In August 2011, four national pharmacy groups jumped into the fray. They filed a joint brief stating that a long line of Supreme Court decisions supports the right to challenge state actions that are inconsistent with federal laws. The four groups maintain that challenges to inadequate Medicaid reimbursement rates must be allowed if they threaten patient access to pharmacy care.
Steven C. Anderson, IOM, CAE, President and Chief Executive Officer of the National Association of Chain Drug Stores, says:
We are deeply troubled about the impact that such a drastic cut in Medicaid pharmacy reimbursement will have on patient access to pharmacy care. This shortsighted proposal is not the solution to cutting spending and reducing costs. We have and will continue to urge the state to work with pharmacy and other provider groups to find cost-effective alternatives that do not jeopardize Medicaid beneficiaries’ access to health care services.
The Supreme Court’s decision will have ramifications for pharmacies way beyond California. The National Association of State Budget Officers, reported last May that 33 states planned to reduce payment to Medicaid providers in fiscal 2012. For 46 states, this already began on July 1; 16 states planned to freeze provider rates, and 27 states were considering measures to reduce prescription drug spending.
It is paradoxical that the federal court in California said that the Medi-Cal provider rates would not save California money, because cuts to Medi-Cal recipients mean they would have to start using emergency departments, leading to higher Medicaid costs for the state.

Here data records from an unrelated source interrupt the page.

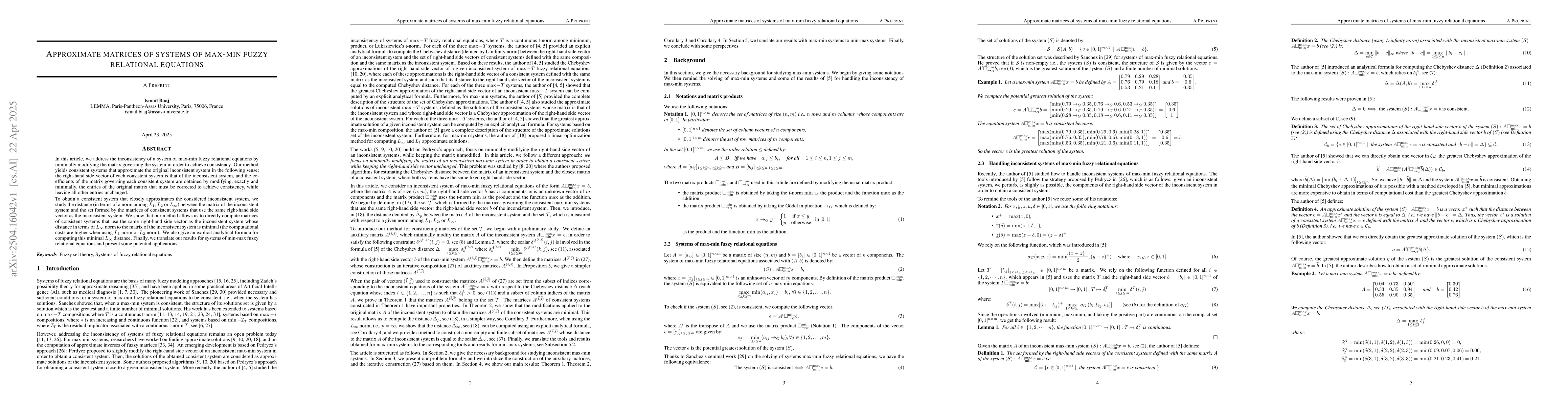The paper proposes a method to handle inconsistency in systems of max-min fuzzy relational equations by minimally modifying the governing matrix, ensuring that the right-hand side vector remains unchanged. It introduces tools for both max-min and min-max systems and studies the distance between the inconsistent matrix and the set of consistent matrices using L1, L2, or L∞ norms.
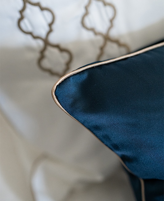 Surrounding this central emblem is a circle of bronze thread embroidery, adding a layer of sophistication and depth to the design. The pillow is further defined by a fine bronze piping along its edges, echoing the luxurious aesthetic of the “Elegant Diamond Oasis” Collection.
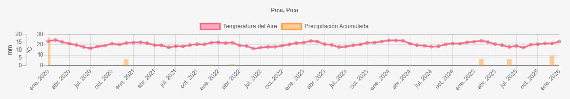 Temperaturas y precipitaciones desde 2020 a 2026 en Pica
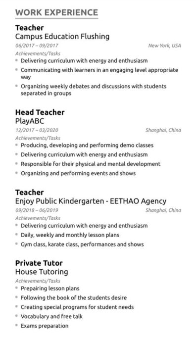英語專業(yè)本科,有tefl , 美國有教學(xué)經(jīng)驗, 在上海培訓(xùn)機構(gòu)和幼兒園都有教學(xué)經(jīng)驗,之前做過教學(xué)主任,符合規(guī)定的工作簽證 |
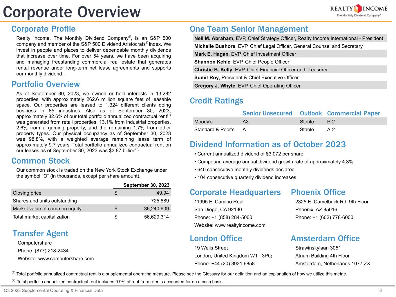 Q3 2023 Supplemental Operating & Financial Data 3 One Team Senior Management Neil M. Abraham, EVP, Chief Strategy Officer, Realty Income International - President Michelle Bushore, EVP, Chief Legal Officer, General Counsel and Secretary Mark E. Hagan, EVP, Chief Investment Officer Shannon Kehle, EVP, Chief People Officer Christie B. Kelly, EVP, Chief Financial Officer and Treasurer Sumit Roy, President & Chief Executive Officer Gregory J. Whyte, EVP, Chief Operating Officer Credit Ratings Senior Unsecured Outlook Commercial Paper Moody’s A3 Stable P-2 Standard & Poor’s A- Stable A-2 Dividend Information as of October 2023 ▪ Current annualized dividend of $3.072 per share ▪ Compound average annual dividend growth rate of approximately 4.3% ▪ 640 consecutive monthly dividends declared ▪ 104 consecutive quarterly dividend increases Corporate Headquarters Phoenix Office 11995 El Camino Real 2325 E. Camelback Rd, 9th Floor San Diego, CA 92130 Phoenix, AZ 85016 Phone: +1 (858) 284-5000 Phone: +1 (602) 778-6000 Website: www.realtyincome.com London Office Amsterdam Office 19 Wells Street Strawinskylaan 3051 London, United Kingdom W1T 3PQ Atrium Building 4th Floor Phone: +44 (20) 3931 6858 Amsterdam, Netherlands 1077 ZX Corporate Overview Transfer Agent Computershare Phone: (877) 218-2434 Website: www.computershare.com (1) Total portfolio annualized contractual rent is a supplemental operating measure. Please see the Glossary for our definition and an explanation of how we utilize this metric. (2) Total portfolio annualized contractual rent includes 0.9% of rent from clients accounted for on a cash basis. September 30, 2023 Closing price $ 49.94 Shares and units outstanding 725,689 Market value of common equity $ 36,240,909 Total market capitalization $ 56,629,314 Corporate Profile Realty Income, The Monthly Dividend Company®, is an S&P 500 company and member of the S&P 500 Dividend Aristocrats® index. We invest in people and places to deliver dependable monthly dividends that increase over time. For over 54 years, we have been acquiring and managing freestanding commercial real estate that generates rental revenue under long-term net lease agreements and supports our monthly dividend. Portfolio Overview As of September 30, 2023, we owned or held interests in 13,282 properties, with approximately 262.6 million square feet of leasable space. Our properties are leased to 1,324 different clients doing business in 85 industries. Also as of September 30, 2023, approximately 82.6% of our total portfolio annualized contractual rent(1) was generated from retail properties, 13.1% from industrial properties, 2.6% from a gaming property, and the remaining 1.7% from other property types. Our physical occupancy as of September 30, 2023 was 98.8%, with a weighted average remaining lease term of approximately 9.7 years. Total portfolio annualized contractual rent on our leases as of September 30, 2023 was $3.87 billion(2). Common Stock Our common stock is traded on the New York Stock Exchange under the symbol "O“ (in thousands, except per share amount).
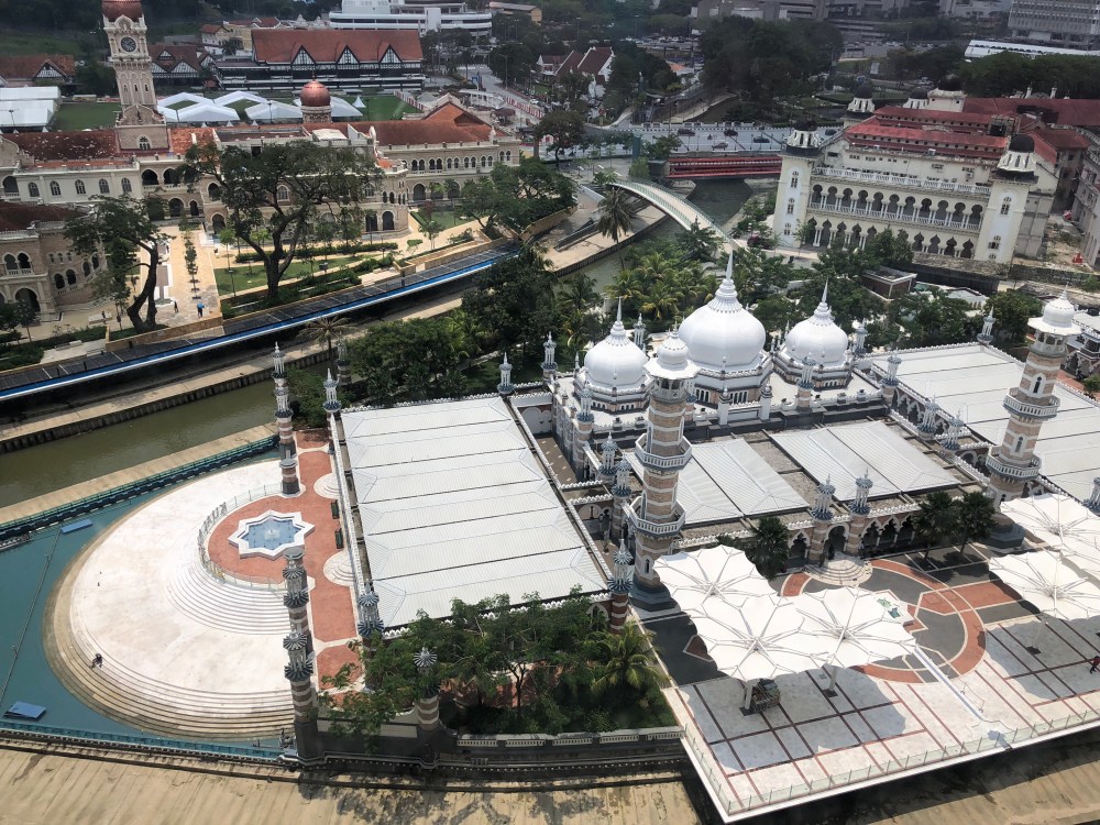 The office meeting room where we spend our day look over at the historic mosque in central of Kuala Lumpur. People said this js the origin of this capital city of Malaysia. “Kuala” means “river”, while “Lumpur” means “mud”. The mosque is sitting at the top of the muddy plains, which was formed because of the meeting point of two rivers: Gombak river and Klang river. Such a historic site, and proud to be working in a bank that is central to KL’s development since hundreds years ago.
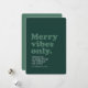 Merry vibes only this holiday season! Send a retro-style holiday card with this fun and funky design. The throwback type reads "merry vibes only" in green on a darker vintage green and it also has room for a custom message, name and year. The coordinating back has a distressed texture to complete the vintage look.
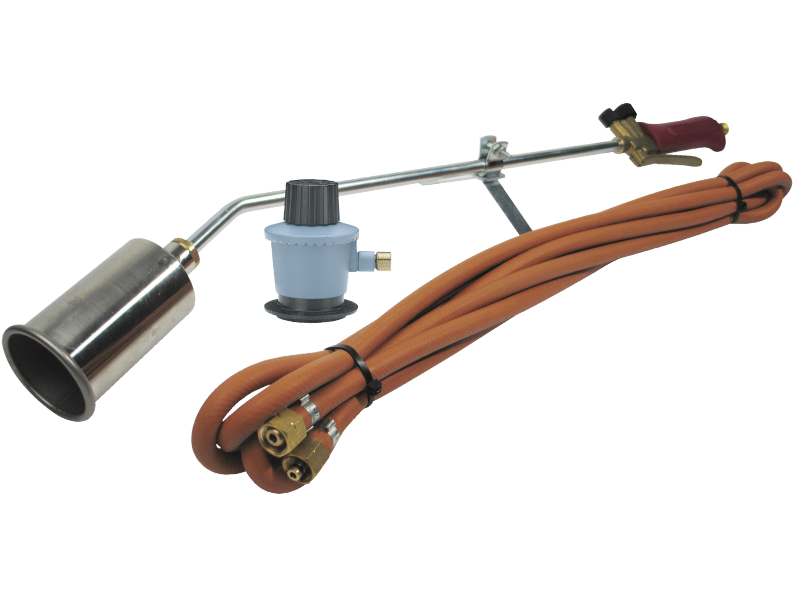 Tagbrændersæt bestående af håndtag med spareventil, 500 mm halsrør og 60 mm stormbrænder, højtryksregulator 0-2 bar, click-on, og 5 m højtryksslange med fittings.
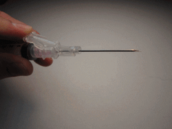 In this model of safety syringe, the needle retracts into the barrel of the syringe after use.
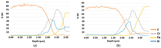 Figure 4 depicts the results obtained from GD-OES analysis, revealing a coating with a 3 µm thickness. The distribution of elements within the coating was as follows: The initial 1.80 µm layer contains an 80% weight percent concentration of C, followed by a 0.80 µm layer composed of Cr and N. Moving further into the coating, the proportion of N gradually declines, while the concentration of Cr increases, reaching 70% at a depth of 2.50 µm. Beyond this point, the Cr content diminishes, eventually transitioning to the substrate. In the case of the nitrided specimen, the nitrogen content remains constant at 20%, reflecting the impact of the prior nitriding process.
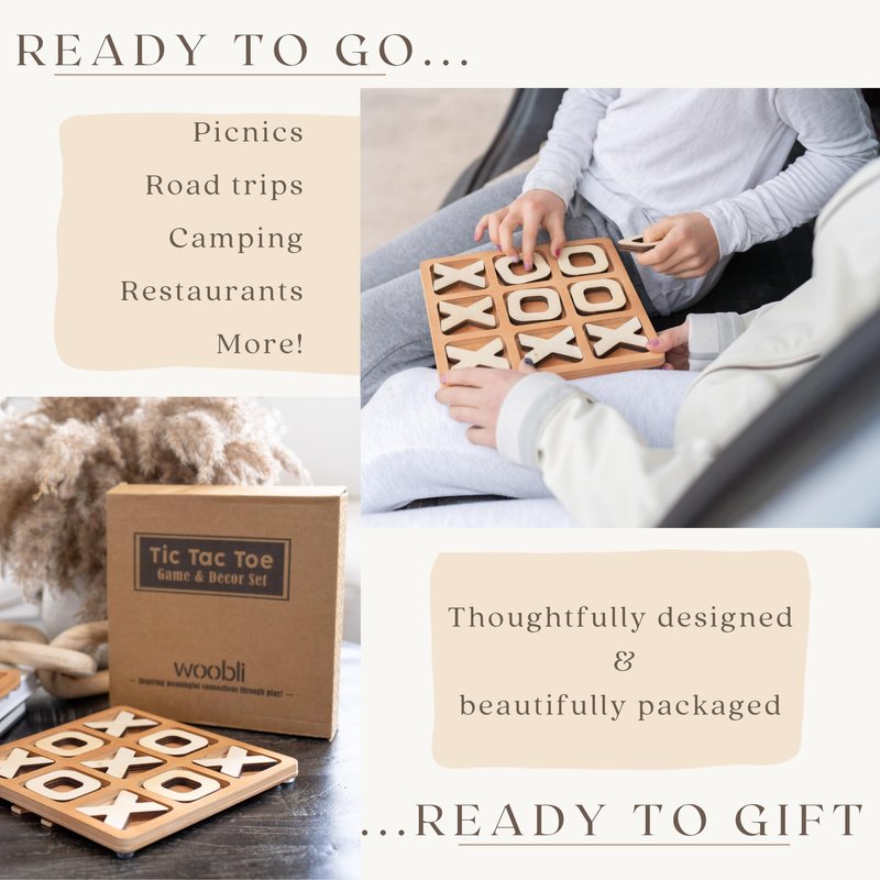 WOOBLI Tic Tac Toe Indoor/Outdoor Game: Our tic tac toe game is the epitome of classic gaming reimagined with a touch of boho elegance. These versatile board games for family night with kids transcends traditional board gaming, offering a dual-play design that can be enjoyed either flat for a timeless experience or upright with a built-in photo stand. Impress your guests by adding a distinctive flair to your coffee table games. Crafted from premium Basswood, our wood tic tac toe game not only ensures durability but also brings a natural aesthetic to your gaming sessions. This 8.63 inches X 8.63 inches tic tac toe game isn't just a game; it's a chic decor piece that effortlessly blends boho and natural styles. Elevate your home or coffee table with its timeless design, making your tic tac toe decor a conversation starter and a captivating centerpiece for any room. Designed for more than just ordinary gameplay, the tic tac toe boasts portability as a key feature. Its lightweight construction allows you to carry the game with ease, transforming any location into a potential gaming area. Taking this game board table outdoors is a breeze. Its compact design makes it an ideal wooden games for family for picnics, park outings, or beach days, turning any outdoor space into a hub of interactive fun. The silicone corners provide stability for flat play, ensuring a secure surface even in the midst of your outdoor adventures. About Us: WOOBLI is a small, family-owned business. We love designing convenient and thoughtful products that you can use in your daily life. This wooden tic tac toe game and decor set is an effort to do just that. We hope you love our wood games for adults and family as much as we do. Thanks for supporting our family business.

As to the effect on pharmacies, the California federal court in its decision argued that the original 10% cuts would deprive “thousands, if not millions” of Medi-Cal beneficiaries of much-needed pharmaceuticals. It also found that pharmacies would limit the scope of the services they provide to Medi-Cal beneficiaries by discontinuing the provision of at least some prescription drugs, turning away new Medi-Cal patients, laying off pharmacy employees, or reducing pharmacy hours.
Pharmacies and pharmacists in every state have a lot riding on the Supreme Court’s forthcoming decision, given the number of states about to take axes to Medicaid provider rates. But even if the Supreme Court comes down on the side of the pharmacists this time, it seems inevitable that one or more states, given billowing federal and state budget problems, will be back with the newest legal assault on Medicaid reimbursement to pharmacies and other providers.